DeadCorpses - Wto 16 Lis, 2004 14:12
Temat postu:
zalezy też co rozumiec pod tym słowem
Chesterka - Wto 16 Lis, 2004 15:16
Temat postu:
Ja nawet nie wiedziałam, że dzisiaj jest taki dzień Laughing

Taa dzień tolerancji hmm pomyślmy Rolling Eyes ja jestem tolerancyjna, ale każda tolerancja ma swoje granice Wink

Z okazji tego dnia ktoś zadzwonił do mojej szkoły że podłożono bombę Twisted Evil przyjechały radiowozy i wszystkich ewakułowano i odeślono do domów, a niepełnosprawnych wywieźli gdzieś autobusem specjalnym Laughing super dzisiaj dzionek mam Wink
justka007 - Wto 16 Lis, 2004 15:41
Temat postu:
Ja uwazam sie za osobę tolerancyjną. Chociaz czasami tak nie jest. Znam wiele osób które nie są tolerancyjne. Dobrze, ze są takie dni. Ludzie mogą sie czegos więcej dowiedziesdziec.
Malvina - Wto 16 Lis, 2004 16:20
Temat postu:
Ja nie wierzę, że w jakies dni tolerancji te os. nietolerancyjne obrócą się o 180stopni i odrazu staną się tolerancyjni...wątpie czy wogule się staną(no.. moze keidys Smile)
Ja się uwazam za tolarancyjną...ale z granicą biggrin
Nikita - Wto 16 Lis, 2004 17:01
Temat postu:
OoO! Nie wiedziałam dzisiaj że jest " Dzień Tolerancji "
Czy ja jestem tolerancujna? Hmmm...zależy w jakich okolicznościach...Trudno mi odpowiedzieć na to pytanie...czasami jestem , a zasami nie Wink
Anonymous - Wto 16 Lis, 2004 17:46
Temat postu:
Nie toleruje ludzi, ktorzy mnie nie toleruja. Nie podobam sie? To madafaka, tez mi sie nie podobasz. [cenzura] ci lizac nie bede. Jesli szanuja mnie, ja szanuje ich.
ToJa - Wto 16 Lis, 2004 18:20
Temat postu:
Część pewnie trochę myli tolerowanie z tolerancją.
Tolerancja, to szacunek dla wolności innych ludzi, ich myśli i opinii oraz sposobu życia. Jest poszanowaniem cudzych uczuć, poglądów, upodobań, wierzeń i obyczajów.
Tolerowanie, to zgadzanie się lub z czyimś zachowaniem np. przemoc, kradzieże, wulgarne zachowanie.
Dla mnie to duża różnica.
Jestem tolerancyjna w stosunku do homoseksualistów, ale nie toleruję chamstwa.
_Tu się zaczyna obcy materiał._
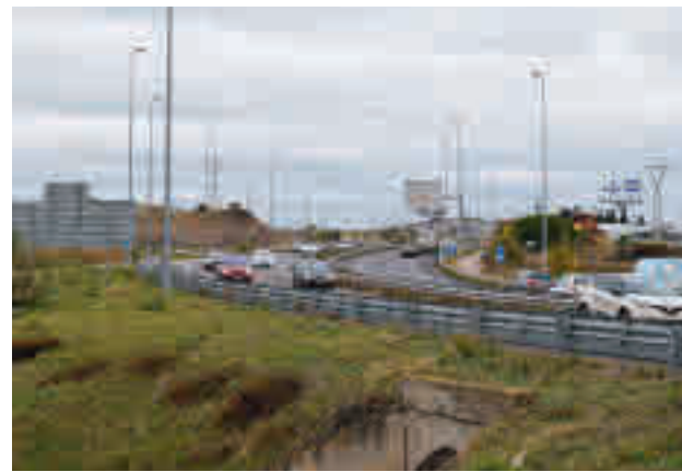
Tramo de la carretera M-607 entre Colmenar y Tres Cantos

Pero la intervención diseñada por la Consejería de Trans-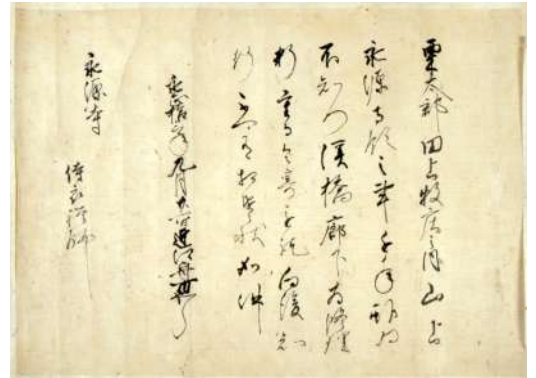
◎六角氏編書下-永源寺文書-(永源寺蔵)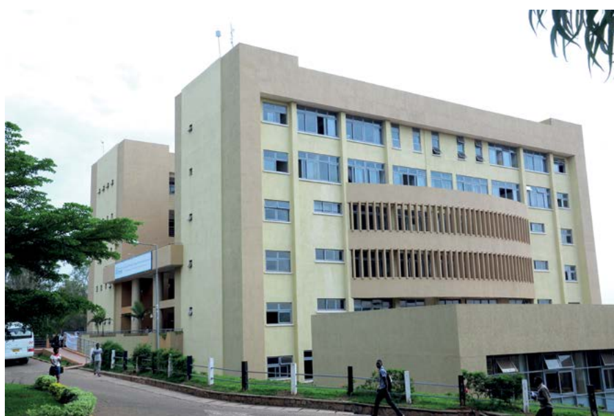
Kampus Gikondo w Kigali – siedziba Uniwersytetu Rwandy; fot. Hirwa94 (CC BY-SA 4.0, https://commons.wikimedia.org/w/index.php?curid=82203962 )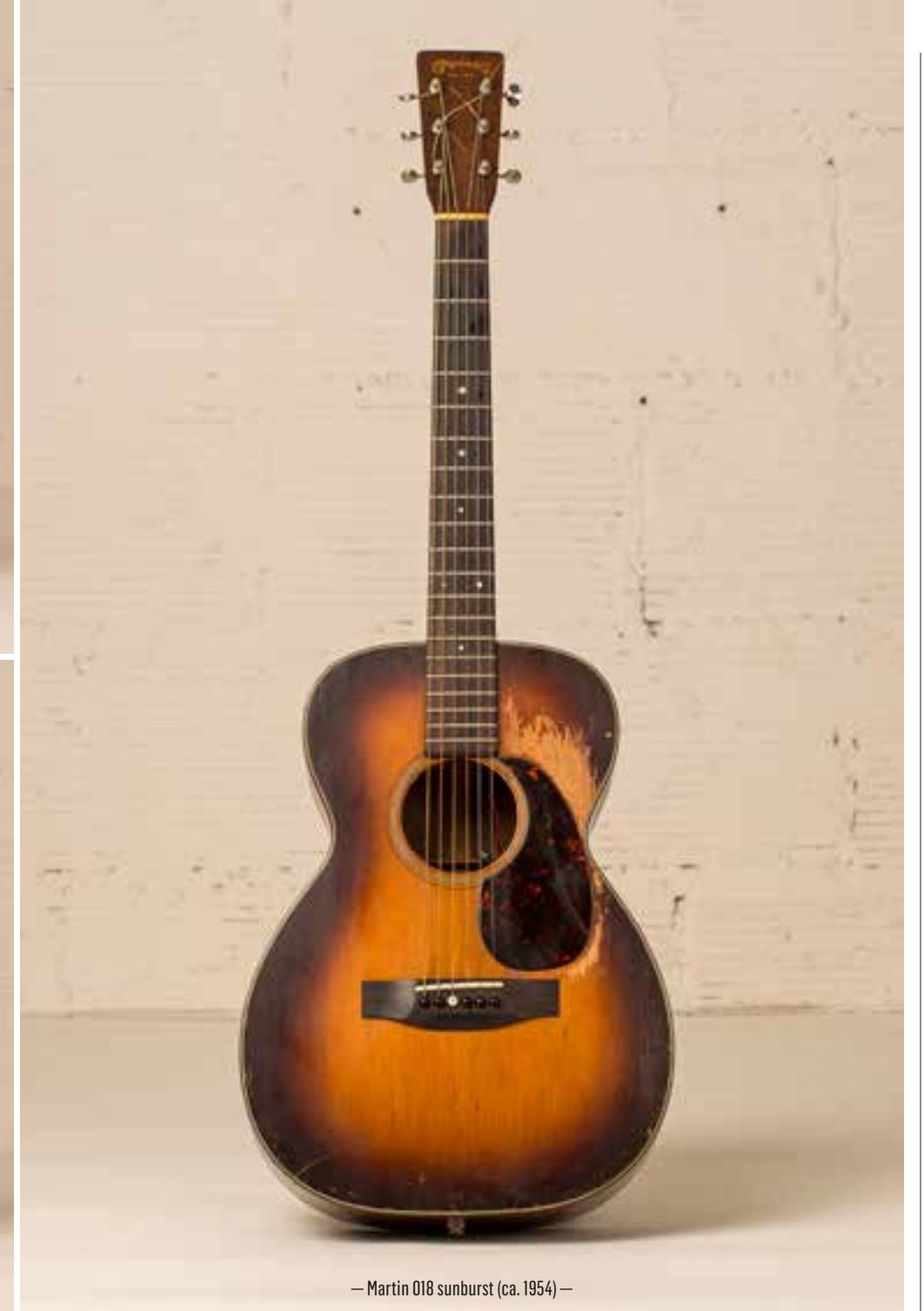
— Martin 018 sunburst (ca. 1954) —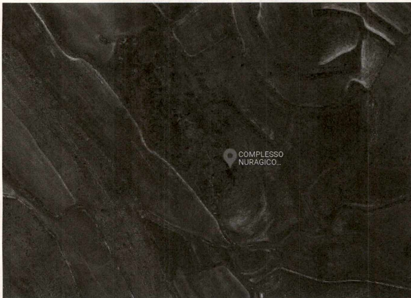
FOTO N°2: L'ESTESO COMPLESSO NURAGICO DI SITZIDDIRI CON VILLAGGIO ANNESSO

A tak już bez wyjaśniania różnic... Razz
Jestem tolerancyjna w stosunku do ludzi innych wyznań, innych narodowości, odmienności seksualnej. Ludzi z problemem alkoholowym, narkomanów, itp uważam za chorych. W stosunku do nich również jestem tolerancyjna.
Anonymous - Wto 16 Lis, 2004 21:26
Temat postu:
Ja jestem tolerancyjna, chodze do skzoły z oddziałami integracyjnymi, ale dla mnie mało osób jest tolerancyjny no wiecie Metal RLS
altruista - Wto 16 Lis, 2004 21:29
Temat postu:
jestem nietolerancyjny, bo nie czuje potrzeby sztucznego przyklaskiwania ideom ktore mnie odstreczaja.
ToJa - Wto 16 Lis, 2004 21:49
Temat postu:
Altruista, co Ty pleciesz? Sztuczne przyklaskiwanie? Albo człowiek jest tolerancyjny, albo nie. Skoro nie jesteś tolerancyjny np. wobec Żydów czy Murzynów, to jesteś rasistą. Według mnie nietolerancja wobec ludzi niepełnosprawnych równa się z brakiem jakichkolwiek uczuć. To są te idee, które Cię odstraszają od tolerancji? Szacunek i współczucie dla słabszych, dla tych, co są "inni" od Ciebie? Myślę jednak, że właśnie to, co napisałeś jest sztuczne. Nie wierzę, że młody człowiek może mieć 0 tolerancji. Jeśli tak jest, to idź do psychologa, bo coś się złego z Tobą dzieje. Tolerancja to nie tylko zaakceptowanie gejów czy lesbijek, ale również ludzi niepełnosprawnych.
Anonymous - Wto 16 Lis, 2004 21:53
Temat postu:
ToJa postów Altrusty się nie bierze na poważnie... on chyba chciał powiedzieć jak zawsze, ze nie jest szablonikowy, lub ukrytym sensem jest to, ze połowa z nas [wg. niego] nie jest tolerancyjna chociaż na taką się robi na forum
ToJa - Wto 16 Lis, 2004 22:02
Temat postu:
Dziwne myślenie Razz
Ale to też sposób żeby zwrócić na siebie uwagę. Przynajmniej ze mną mu się udało. Od razu zauważyłam jego post. Altruista - Gratuluję!
DeadCorpses - Wto 16 Lis, 2004 22:15
Temat postu:
Dla mnie tolerancja to również pośrednio fikcja. Jest prawie równa obojętności. Murzyn, zyd, niepełnosprawny..nie jestem żadnym z nich, ergo za bardzo mnie nie interesują, nie mam nic do nich, ani przez nich, więc się nimi nie przejmuje. To jest wg. mnie tolerancja.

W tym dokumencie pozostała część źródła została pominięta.